Выхожу, обнимаю ее. Вдыхаю запах шали и трав, смешанных с мазями и кремами.
– Пойдемте, не в коридоре же обсуждать, да и Саше этого слышать не надо. – Бабушка поднимается, опираясь на мое плечо, и ковыляет в мою комнату.
Мы с мамой идем следом, переглядываясь. Бабушка усаживается на кресло и поворачивается к нам. Оно на колесиках, поэтому на нем легко перемещаться по всей комнате.
– Ну, Инна, рассказывай. Что у вас тут происходит и почему Саша ночует у меня?
Мамино лицо становится непроницаемым. Ей будто плевать на папу. Иногда она так смотрит и на меня, но только когда я сильно провинюсь. Беру маму за руку и тяну к кровати, но она не двигается. Спина прямая, подбородок чуть вздернут.
– Наша семейная жизнь вас не касается, Антонина Ульяновна, – говорит мама.
– Все меня касается, не выдумывай, – отмахивается бабушка. – Мне, знаешь ли, на старости лет хочется пожить одной.
Сажусь на кровать. Уйти незаметно не выйдет, а в кухне папа, и с ним наедине я пока оставаться не хочу. Придется ждать, пока разговор закончится.
– Некоторые почему-то считают, что могут выгонять мужей из дома, – продолжает бабушка. – Ты мне, Инка, не нравилась, я тебе об этом еще до свадьбы сказала. Давай разбирайся со своими проблемами, к мозгоправу там сходи, и чтобы больше Саша у меня с ночевкой не оставался. Поняла?
Челюсть мамы подается вперед, а кулаки трясутся. Впервые вижу ее такой.

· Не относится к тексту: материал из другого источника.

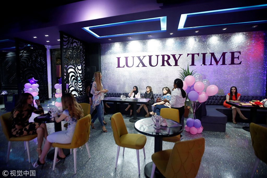 当地时间2018年7月17日,伊拉克埃尔比勒,女性顾客在埃尔比勒首家女性专属餐厅Luxury Time用餐。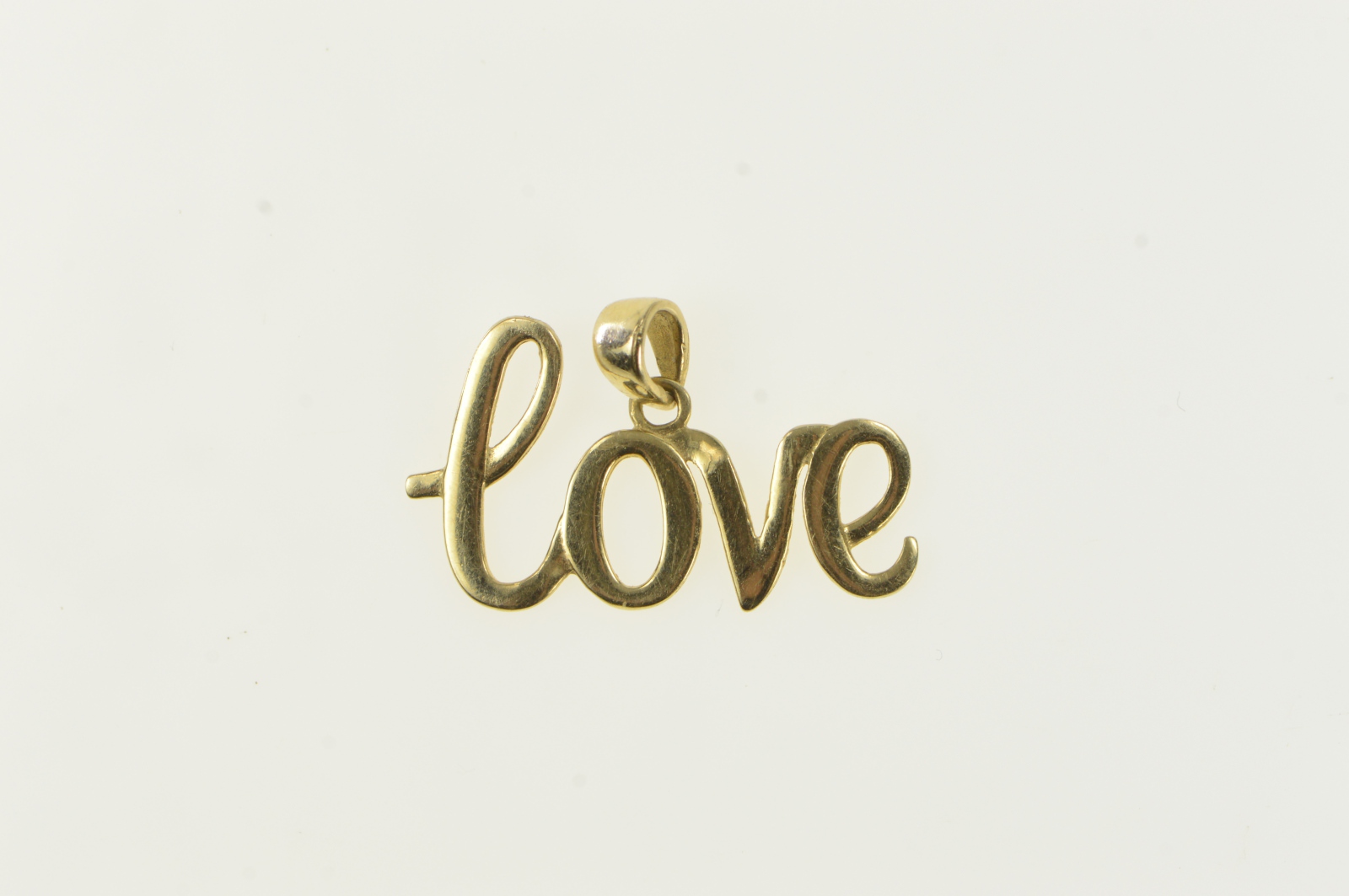 Item:  14K Love Cursive Word Cut Out Message Yellow Gold Charm/Pendant

– Ты тоже хороша. – Бабушка поворачивается ко мне. Колесики скрипят по полу. – Отца дома нет несколько дней, а ты даже ему не звонишь и в гости ко мне не приходишь. Тоже мне, дочь!
– Антонина Ульяновна, если вы продолжите, я выгоню из дома и вас, и вашего драгоценного сыночка.
Бабушка встает с кресла. Она ниже мамы на две головы.
– Приведи хоть один пример того, что Сашка себя как-то не так ведет.
– Он ударил Алю. – В глазах мамы читается торжество
Мне становится неприятно. Опять мной пользуются в ссоре, как козырем.
– Нормальные люди своих детей не бьют, – продолжает мама. – На меня-то он руку поднять боится.
Бабушка с прищуром всматривается в мамино лицо. Вдруг она поворачивается ко мне и говорит:
– А ты Але сказала правду про ее отца?
– Антонина Ульяновна, я вас предупреждаю!
– Твоя мать тебя нагуляла и не признается в этом. – Бабушка качает головой.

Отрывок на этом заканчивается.